[Opening INFORMATION SHOWN section]
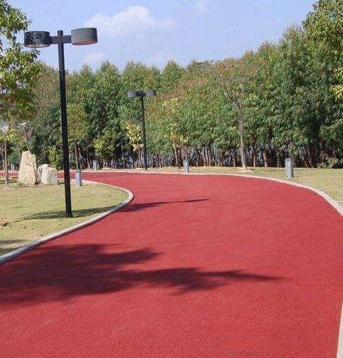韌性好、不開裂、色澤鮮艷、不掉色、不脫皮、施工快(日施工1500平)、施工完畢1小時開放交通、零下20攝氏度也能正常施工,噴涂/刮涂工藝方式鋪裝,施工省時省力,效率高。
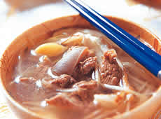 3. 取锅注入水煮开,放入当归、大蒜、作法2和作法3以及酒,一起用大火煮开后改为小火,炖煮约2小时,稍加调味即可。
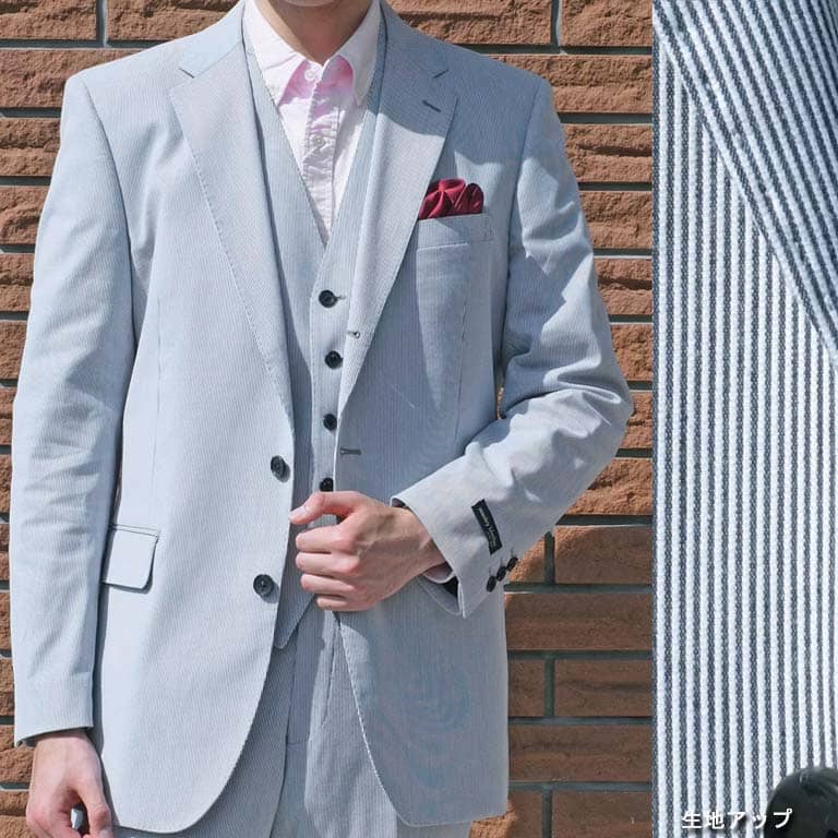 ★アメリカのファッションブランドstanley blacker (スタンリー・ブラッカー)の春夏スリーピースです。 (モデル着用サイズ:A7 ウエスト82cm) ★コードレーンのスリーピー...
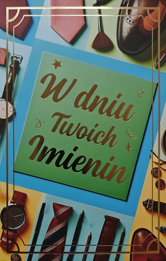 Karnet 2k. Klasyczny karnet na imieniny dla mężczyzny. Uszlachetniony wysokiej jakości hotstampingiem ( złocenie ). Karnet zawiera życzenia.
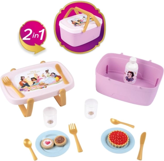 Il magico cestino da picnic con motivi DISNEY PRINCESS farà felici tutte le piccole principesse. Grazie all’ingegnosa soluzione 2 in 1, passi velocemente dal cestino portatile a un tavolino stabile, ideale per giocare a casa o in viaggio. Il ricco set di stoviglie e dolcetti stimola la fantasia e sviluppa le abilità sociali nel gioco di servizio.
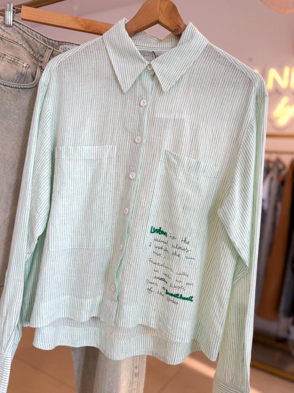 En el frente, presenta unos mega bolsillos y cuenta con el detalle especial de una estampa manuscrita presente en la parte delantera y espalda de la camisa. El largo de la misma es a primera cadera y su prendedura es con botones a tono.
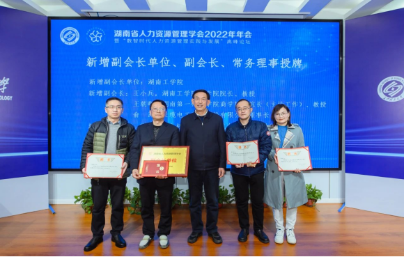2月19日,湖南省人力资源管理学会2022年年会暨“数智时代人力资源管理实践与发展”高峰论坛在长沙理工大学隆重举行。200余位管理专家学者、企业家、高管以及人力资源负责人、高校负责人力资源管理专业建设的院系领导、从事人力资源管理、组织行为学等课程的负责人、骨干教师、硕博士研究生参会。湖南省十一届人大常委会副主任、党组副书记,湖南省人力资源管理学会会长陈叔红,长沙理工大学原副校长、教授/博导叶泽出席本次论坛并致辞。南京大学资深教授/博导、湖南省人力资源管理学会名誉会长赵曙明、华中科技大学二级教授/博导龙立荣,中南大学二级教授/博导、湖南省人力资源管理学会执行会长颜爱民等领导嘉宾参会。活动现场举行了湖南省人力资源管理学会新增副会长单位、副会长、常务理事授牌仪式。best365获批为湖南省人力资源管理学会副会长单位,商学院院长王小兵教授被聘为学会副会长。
[Closing INFORMATION SHOWN section]
[Opening INFORMATION SHOWN section]
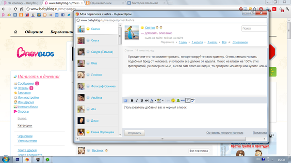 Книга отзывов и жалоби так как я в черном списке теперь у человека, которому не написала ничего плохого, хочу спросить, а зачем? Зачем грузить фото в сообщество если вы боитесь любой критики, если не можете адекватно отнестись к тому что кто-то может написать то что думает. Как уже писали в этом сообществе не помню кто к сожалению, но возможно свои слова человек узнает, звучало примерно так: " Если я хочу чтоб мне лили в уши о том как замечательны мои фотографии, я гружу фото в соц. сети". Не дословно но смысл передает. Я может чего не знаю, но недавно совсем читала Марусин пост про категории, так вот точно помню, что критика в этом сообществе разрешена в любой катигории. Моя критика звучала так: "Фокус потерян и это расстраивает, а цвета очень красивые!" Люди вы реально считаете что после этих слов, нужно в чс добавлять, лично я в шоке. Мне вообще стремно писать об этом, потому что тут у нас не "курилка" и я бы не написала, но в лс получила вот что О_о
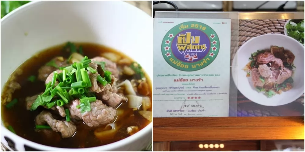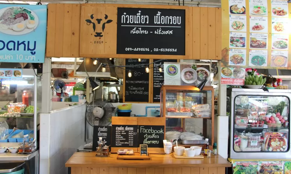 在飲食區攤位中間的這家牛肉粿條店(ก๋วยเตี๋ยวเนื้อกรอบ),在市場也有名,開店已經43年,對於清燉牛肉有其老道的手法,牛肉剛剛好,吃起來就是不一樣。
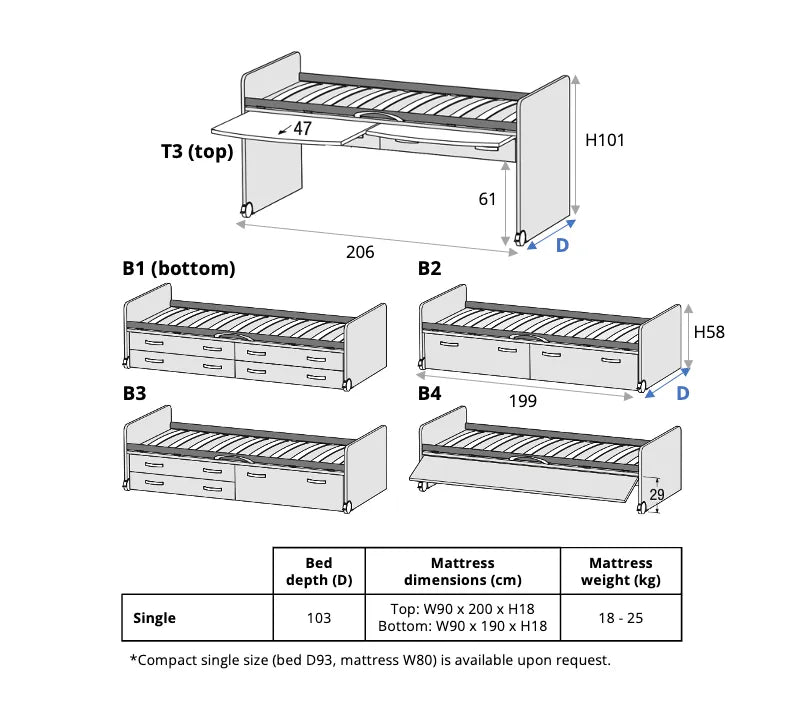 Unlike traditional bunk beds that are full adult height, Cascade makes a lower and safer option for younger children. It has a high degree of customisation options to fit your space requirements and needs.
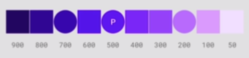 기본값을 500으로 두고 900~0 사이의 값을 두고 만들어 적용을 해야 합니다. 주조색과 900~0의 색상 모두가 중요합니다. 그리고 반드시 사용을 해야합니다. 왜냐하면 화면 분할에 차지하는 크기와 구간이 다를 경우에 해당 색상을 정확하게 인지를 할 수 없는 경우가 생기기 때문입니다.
[Closing INFORMATION SHOWN section]
• AIM OF THE TASK:
Look through the material above. Transcribe exactly the lines between the ones with "(モデル着用サイズ:A7 ウエスト82cm) ★コードレーンのスリーピー..." and "2月19日,湖南省人力资源管", inclusive, and keep pictures out.

• RESPONSE TO THIS EXERCISE:
 ★アメリカのファッションブランドstanley blacker (スタンリー・ブラッカー)の春夏スリーピースです。 (モデル着用サイズ:A7 ウエスト82cm) ★コードレーンのスリーピー...
 Karnet 2k. Klasyczny karnet na imieniny dla mężczyzny. Uszlachetniony wysokiej jakości hotstampingiem ( złocenie ). Karnet zawiera życzenia.
 Il magico cestino da picnic con motivi DISNEY PRINCESS farà felici tutte le piccole principesse. Grazie all’ingegnosa soluzione 2 in 1, passi velocemente dal cestino portatile a un tavolino stabile, ideale per giocare a casa o in viaggio. Il ricco set di stoviglie e dolcetti stimola la fantasia e sviluppa le abilità sociali nel gioco di servizio.
 En el frente, presenta unos mega bolsillos y cuenta con el detalle especial de una estampa manuscrita presente en la parte delantera y espalda de la camisa. El largo de la misma es a primera cadera y su prendedura es con botones a tono.
2月19日,湖南省人力资源管理学会2022年年会暨“数智时代人力资源管理实践与发展”高峰论坛在长沙理工大学隆重举行。200余位管理专家学者、企业家、高管以及人力资源负责人、高校负责人力资源管理专业建设的院系领导、从事人力资源管理、组织行为学等课程的负责人、骨干教师、硕博士研究生参会。湖南省十一届人大常委会副主任、党组副书记,湖南省人力资源管理学会会长陈叔红,长沙理工大学原副校长、教授/博导叶泽出席本次论坛并致辞。南京大学资深教授/博导、湖南省人力资源管理学会名誉会长赵曙明、华中科技大学二级教授/博导龙立荣,中南大学二级教授/博导、湖南省人力资源管理学会执行会长颜爱民等领导嘉宾参会。活动现场举行了湖南省人力资源管理学会新增副会长单位、副会长、常务理事授牌仪式。best365获批为湖南省人力资源管理学会副会长单位,商学院院长王小兵教授被聘为学会副会长。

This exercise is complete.